Transformers: Rise of the Beasts (PG-13) The franchise returns to its tedious roots with this installment set in 1994. The Autobots and a new race of transforming robots have to save the Earth from being swallowed up by a planet-eater (voiced by Colman Domingo), enlisting the help of an unemployed ex-soldier (Anthony Ramos) and a museum researcher (Dominique Fishback). The script has a few good lines related to the setting, which makes it an improvement on the old Michael Bay movies. It also depicts Optimus Prime (voiced by Peter Cullen) as a big wet blanket, but it loses the playful spirit of Bumblebee. The story takes forever to get our heroes to recover the magic thingy that the plot revolves around, and everything feels labored. I was expecting so much more. Also with Luna Lauren Velez, Dean Scott Vazquez, and Tobe Nwigwe. Additional voices by Peter Dinklage, Pete Davidson, Ron Perlman, Cristo Fernández, Liza Koshy, MJ Rodriguez, and Michelle Yeoh. 

 

DALLAS EXCLUSIVES

 

97 Minutes (NR) This thriller stars Jonathan Rhys Meyers as an undercover agent who tries to save a hijacked airplane before it is shot down by the U.S. government. Also with MyAnna Buring, Jo Martin, Michael Sirow, Pavan Grover, Anjul Nigam, Davor Tomic, and Alec Baldwin.

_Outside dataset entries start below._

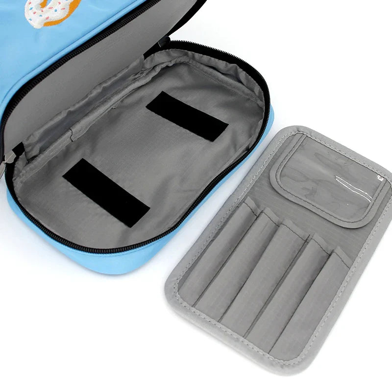 The NNEOBA Sweet Time Travel Makeup Bag is inspired by the delightful blend of fashion and sweets. It reflects the carefree, childlike joy and high-quality lifestyle that sweets represent. This bag's vibrant, dessert-themed colors and playful patterns make it as appealing and irresistible as your favorite treat.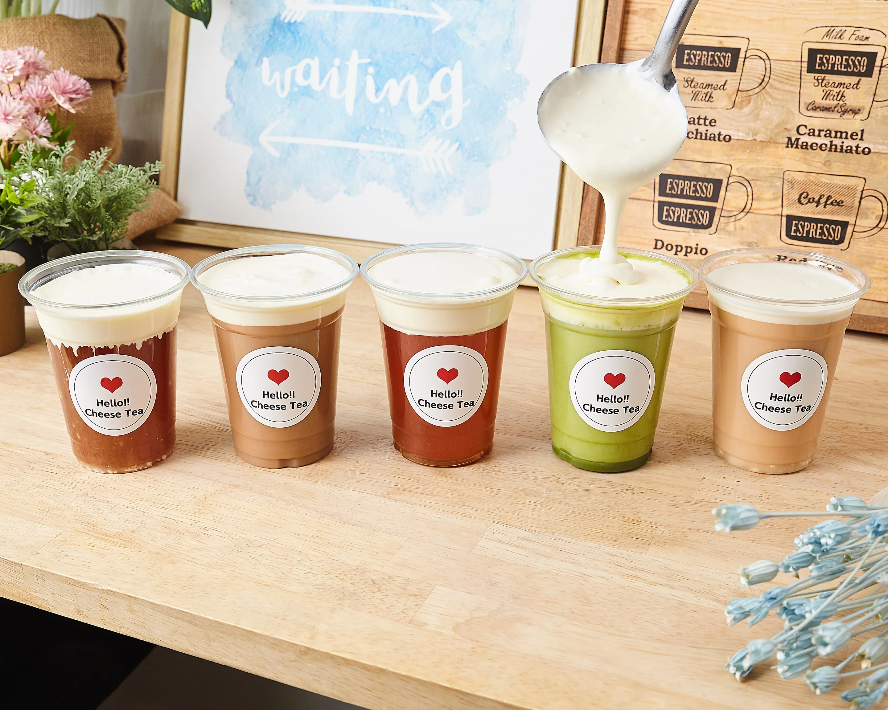 まずは、濃厚なチーズクリームだけ召し上がり下さい。続いて、ストローを使ってドリンクだけ。最後にチーズクリームとドリンクを混ぜて、マリアージュをお楽しみください。1杯で三つの味を楽しめるのも人気の秘訣です。皆さまのご注文を心よりお待ちしております。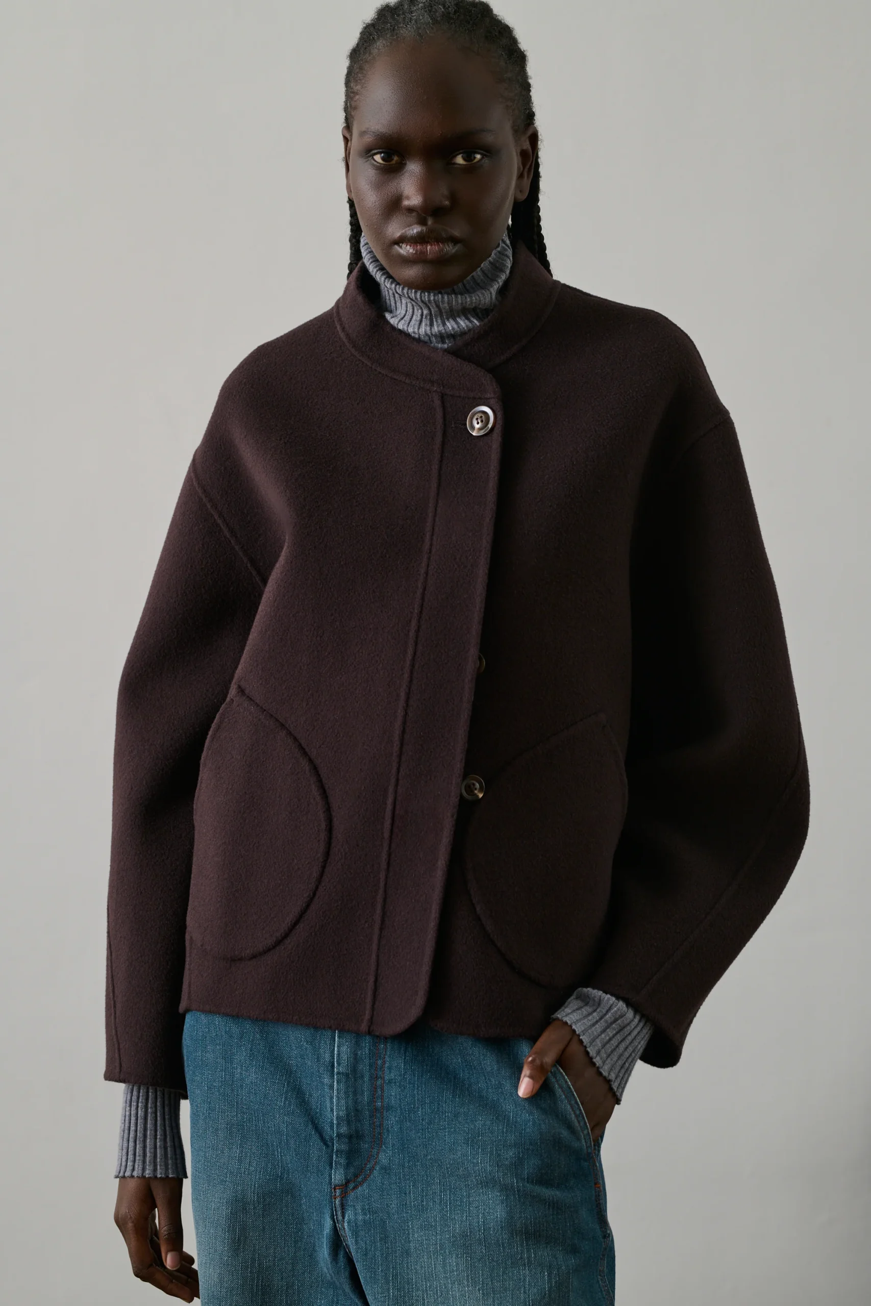 WINDSOR est une veste courte en lainage chaud, doux et souple, idéale pour la mi-saison. Pensée comme un manteau léger ou une veste chaude, son design épuré en fait une pièce intemporelle iconique vestiaire Soeur. Son volume rond est accentué par des pinces au dos, des manches généreuses et deux poches plaquées au devant.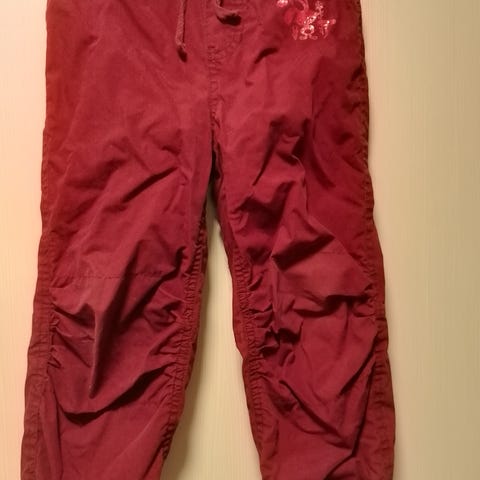 Myydään hyväkuntoiset ruskest ulkohousut, joissa toisessa lahkeessa kukkakuviointi. Koko 98.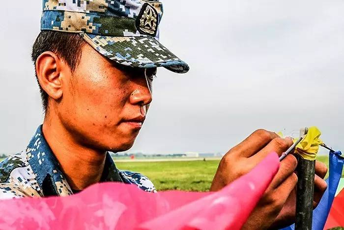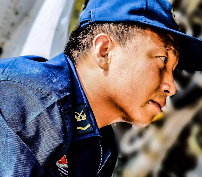 辽东半岛某地持续高温,某团机械员高鹏保养飞机发动机。喷口处的高温气体不断加热,汗水顺着他的后背流进衣裤里。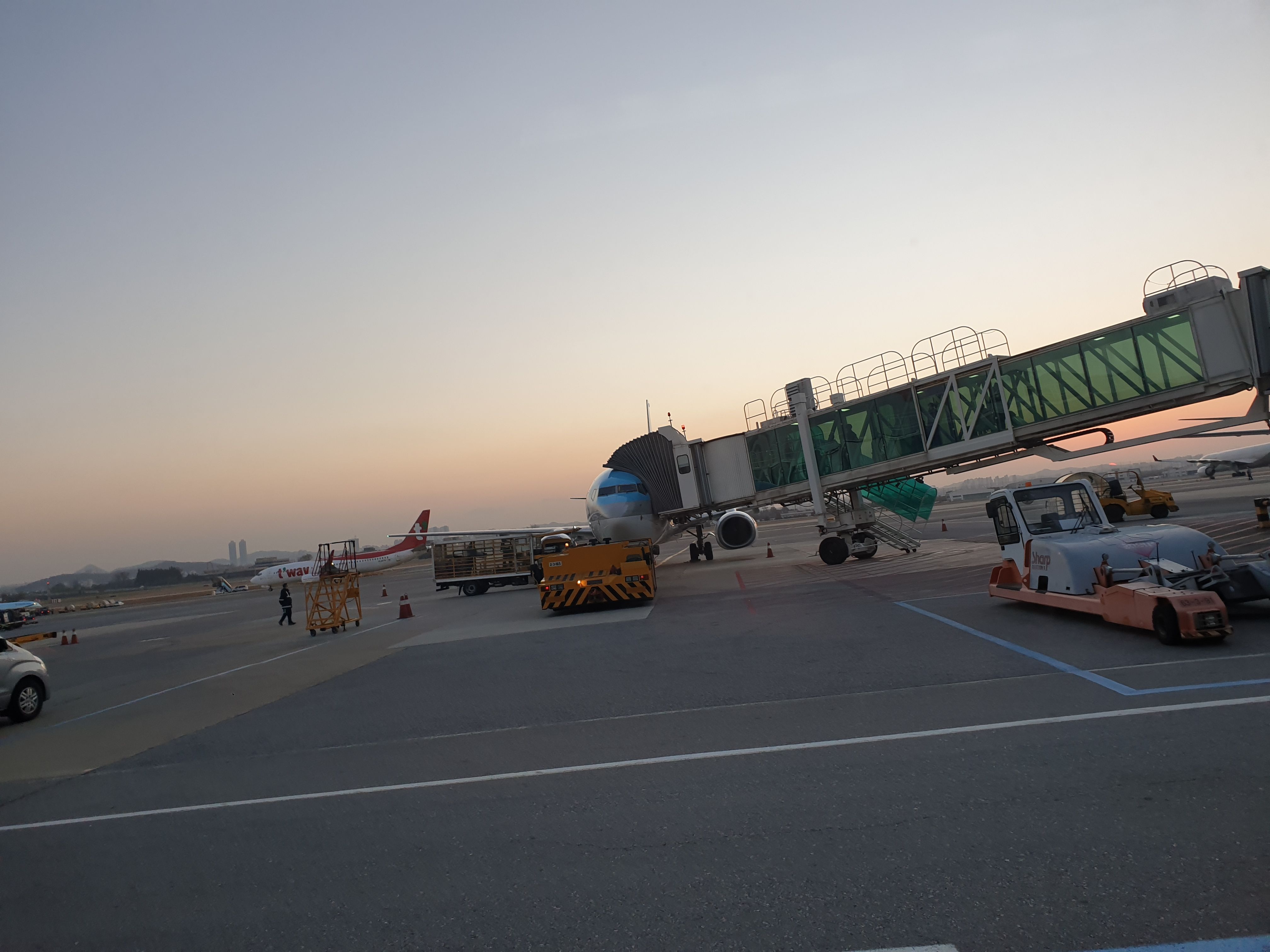 내가 탄 티웨이 항공 비행기는 버스를 타고 이동해서 타는 방식이었다.

Sanctuary (R) Christopher Abbott stars in this drama as an upcoming business executive who tries to end his longtime relationship with his dominatrix (Margaret Qualley). Also with Danita Battle. 

Simulant (R) This science-fiction film stars Robbie Amell as a humanoid who tries to win freedom of thought for his fellow artificial humans. Also with Simu Liu, Jordana Brewster, Alicia Sanz, Emmanuel Kabongo, Samantha Helt, Christine L. Nguyen, Mayko Nguyen, and Sam Worthington.